You are currently viewing A “namolada”

A “namolada”

Um telefone vibra incessantemente na mesa do bar. A conversa de prelúdio se Flávia, a nova colega da firma, usa silicone ou não é interrompida. É o celular de Carlos. Na tela do aparelho dele aparece a foto de Anita e o nome “Namolada”.
Nós todos nos olhamos sisudos. Como assim?
Logo Carlos. Futeboleiro, metido a galanteador e motorista de Opala. Um silêncio paira no ar. Apenas o som da vibração do celular contra a mesa e a narração do Galvão Bueno ao fundo.
Ele atende o celular e sai da mesa. Discretamente, eu o persigo até o lado de fora do bar. Sou repórter, minha curiosidade tinha que ver aquilo de perto.
Escondido atrás de um poste, acompanhei toda conversa entre Carlos e Anita e pude constatar de fato.
Carlos fazia vozinha pra falar com sua amada.
– Quem é meu ursinho carinhoso? Quem, quem, quem? – dizia ela no outro lado da linha a Carlos.
– SOU EU, SOU EU, EUZINHO! VOCÊ É MINHA NAMOLADA – respondia em tom fino o rapaz.
– Vou desligar, meu pequeno príncipe.
– “Xim”! Tá bom, namolada! Minha princesa do mundo todo.
Ele desligou o telefone, jogou os ombros pra trás e voltou viril para dentro do bar.
Uma decepção tomou conta de mim. Quantos segredos meus íntimos Carlos sabia. Uma amizade construída com bases sólidas. Agora ele se mostrava de verdade quem era.
Nada daquilo de “Carro, pra mim, é Opala”, “Mulher, pra mim, não dá palpite” ou, ainda “Eu não ligo pro que elas pensam de mim” fazia mais sentido. Todas as coisas belas que Carlos dizia eram apenas pleonasmos podres agora.
Voltei pra mesa com a turma e anunciei.
– Temos um “ursinho” entre nós.
Carlos tentou argumentar. Disse que aquilo tudo eram brincadeiras, que começaram a ser proliferadas num passeio de domingo, à tarde, de pedalinho cisne na Lagoa da Harmonia. Ou ainda que era chamado de ursinho pois sua “cônjuge” lhe achava forte e peludo.
Nada daquilo fazia sentido e só piorava sua situação.
A noite estava acabada.
No outro dia, contei pra Dalila, a minha namorada. Ela gargalhava imaginando a hombridade do parrudo Carlos indo para as cucuias ao transformar-se em ursinho “namolado de Anita”.

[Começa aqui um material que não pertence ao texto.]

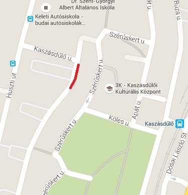 Kaszásdűlő utca 9. szám előtt a Szérűskert utca irányába 20 méter hosszan,
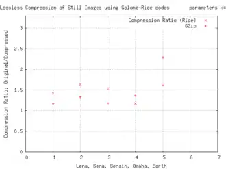 The Golomb–Rice coder is used in the entropy coding stage of Rice algorithm based lossless image codecs. One such experiment yields the compression ratio graph shown.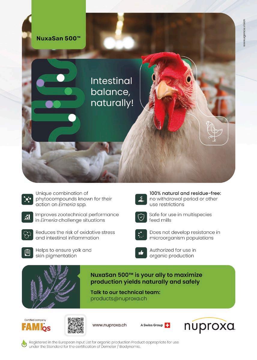 In poultry, we delve into the importance of low-protein diets, a strategy that balances performance with sustainability by reducing nitrogen emissions. Complementing these technical perspectives, we also examine the role of vitamin E and polyphenols as powerful antioxidants, supporting animal health and resilience in increasingly demanding production systems.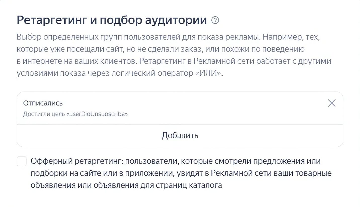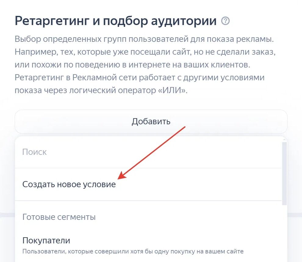 В рекламной кампании найдите «Ретаргетинг и подбор аудитории»: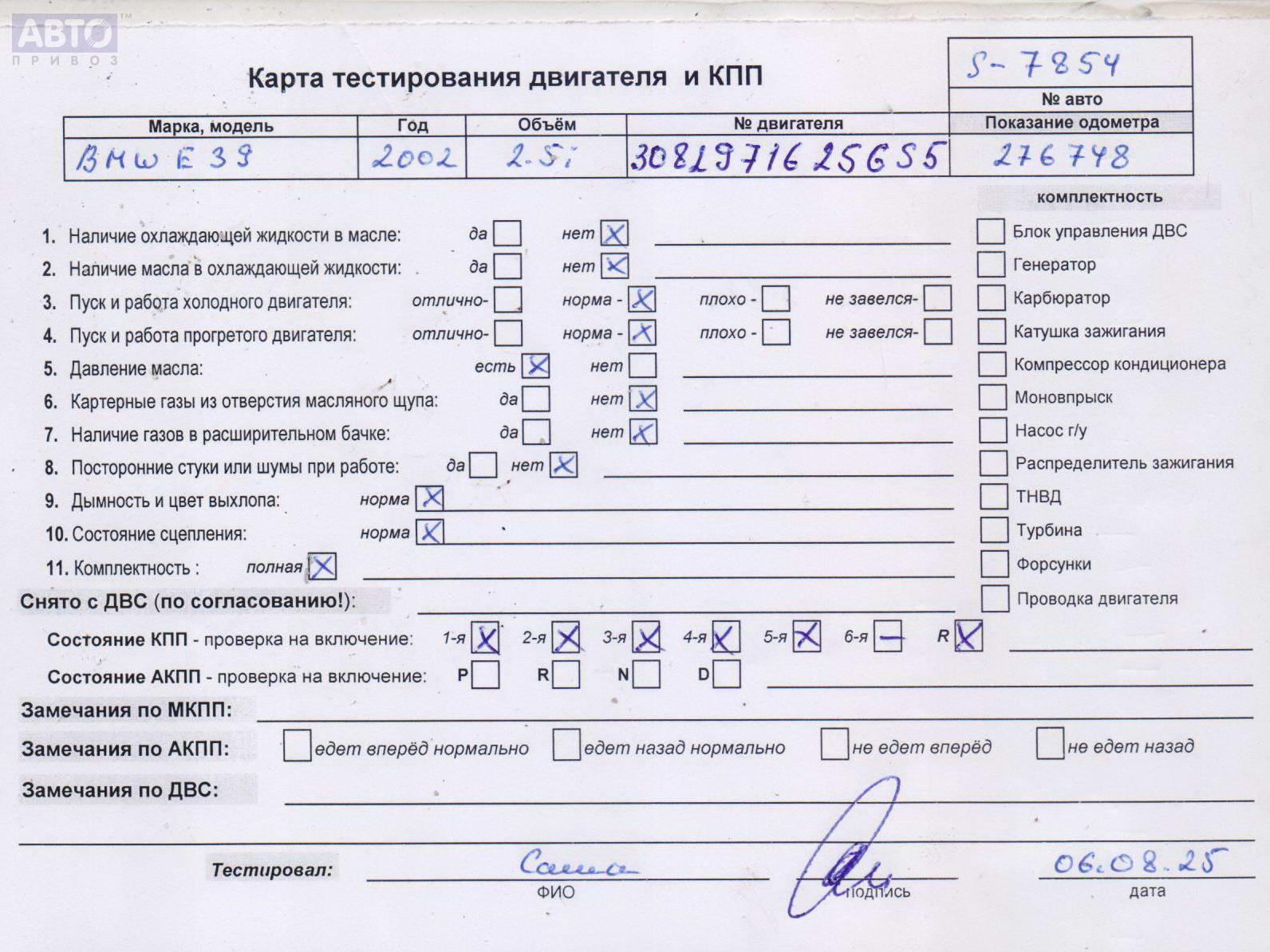 | Автомобиль / VIN: | S7854 WBADS31010GZ83500 |
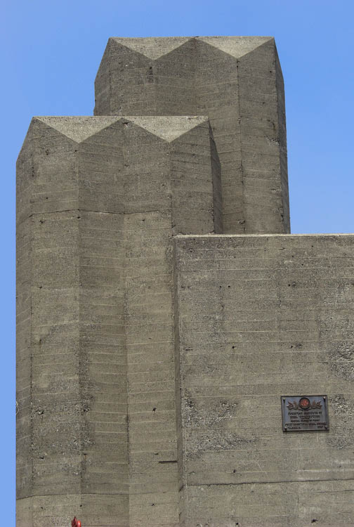The concrete at the base of the south tower also received an Art Deco treatment.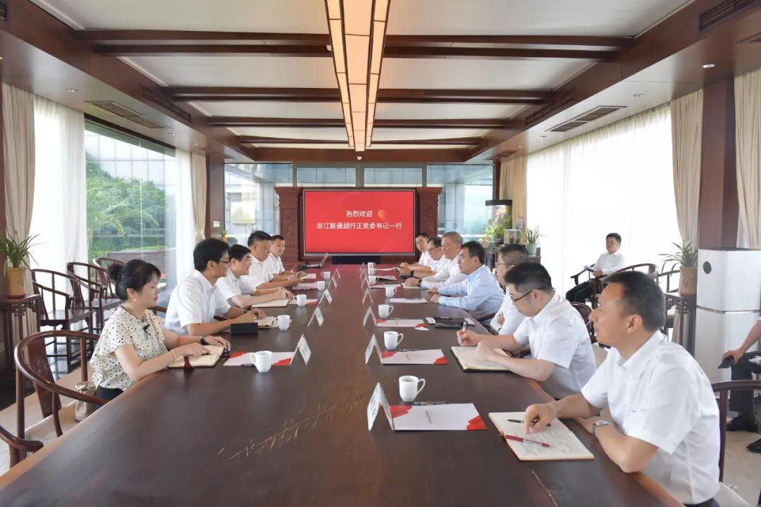 7月26日,浙商银行党委书记陆建强在总行会见中国联合网络通信有限公司浙江省分公司(以下简称“浙江联通”)党委书记、总经理胡行正一行。浙商银行党委委员徐蔓萱,副行长景峰,数字化改革推进办公室、总行战略客户与创新部、金融科技部、后勤保障部(安全保卫部)相关负责人参与座谈。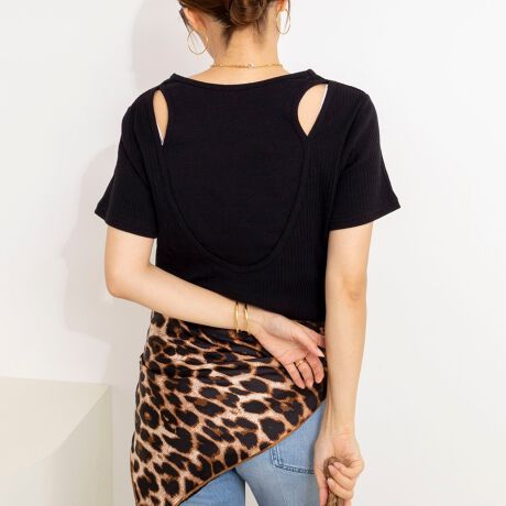 ・タンクトップと重ね着したようなバッグデザインのトップス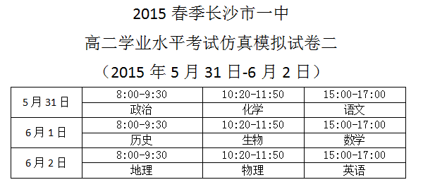 上一篇:2015春季長沙市一中高二學業水平考試仿真模擬試卷一考試時間安排(2015年5月15-16日)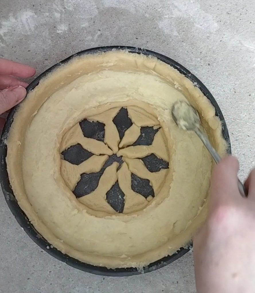 Fold the ties outward and fill the spaces with strawberries. I used frozen strawberries, which I added before baking. If you prefer, you can bake first and then place fresh strawberries on top. Trim the edges if they are too high.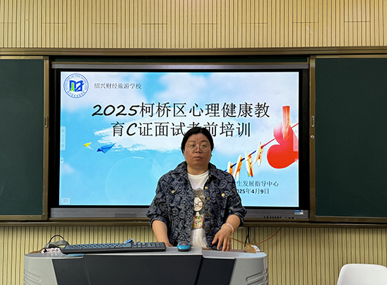 為加強學校心理健康教育隊伍建設,提升教師心理輔導能力,紹興財經旅游學校學生發展指導中心于4月9日組織開展了“2025柯橋區心理健康教育C證面試考前培訓”活動。尚未取得心理C證的老師與對心理輔導充滿興趣的專兼職心理教師參與培訓,通過理論學習和實踐鍛煉,進一步夯實了心理健康教育專業基礎。

Despojadamente, eu e ela começamos também a nos chamarmos de “namolado” e “namolada”. Aquilo era uma forma de rir da desgraça de Carlos e de qualquer coisa quando não se tinha mais nada para fazer.
Em dado ponto, cheguei a inclusive a mudar o nome de “Dalila” no celular para “Namolada”. De zoação, aquilo não era sério.
Eis que um dia, passado um ano inteiro do ocorrido de Carlos na mesa, estávamos no bar e meu telefone toca.
Saio da mesa e deixo a turma toda para trás para atender Dalila. Brincamos um pouco sobre nossa vida a dois. Por óbvio, nos chamamos de “namolada”, “ursinho” e “pudinzinho do amor”. Claro, tudo na zoeira.
Ao desligar o telefone, estava ele – Carlos, com o celular em riste atrás de uma moita. Escondido, gravou toda minha conversa e fez a maior vingança já vista pelo homem.
Tentei argumentar, mas minha situação só piorava.
Até hoje, sou chamado de “ursinho”, nos bastidores, pelas mais antigos e os mais novos.